» **Data provided**:
>>>

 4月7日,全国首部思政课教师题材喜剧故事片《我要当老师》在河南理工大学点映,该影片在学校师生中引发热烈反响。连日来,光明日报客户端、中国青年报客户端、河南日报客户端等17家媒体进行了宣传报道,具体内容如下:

<<<
>>>

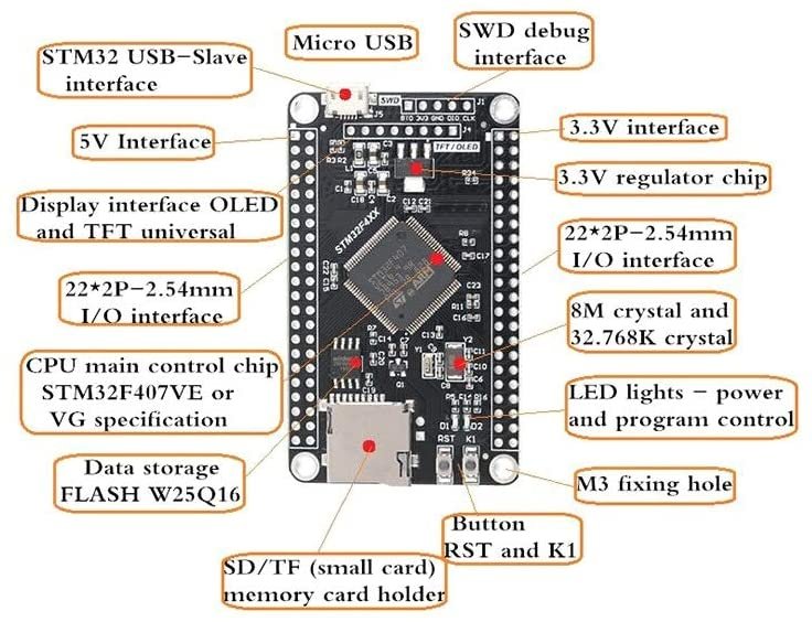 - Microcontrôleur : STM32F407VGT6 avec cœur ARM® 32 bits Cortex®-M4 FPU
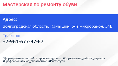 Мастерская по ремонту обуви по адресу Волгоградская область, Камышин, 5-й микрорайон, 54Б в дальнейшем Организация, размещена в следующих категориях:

<<<

» **Your assignment**:
What to print is the stretch of entries from the line with "- Microcontrôleur : STM32F407VGT6" up to and including the line with "Мастерская по ремонту". Please print it exactly and leave out the pictures.

» **Your response**:
 - Microcontrôleur : STM32F407VGT6 avec cœur ARM® 32 bits Cortex®-M4 FPU
 Мастерская по ремонту обуви по адресу Волгоградская область, Камышин, 5-й микрорайон, 54Б в дальнейшем Организация, размещена в следующих категориях:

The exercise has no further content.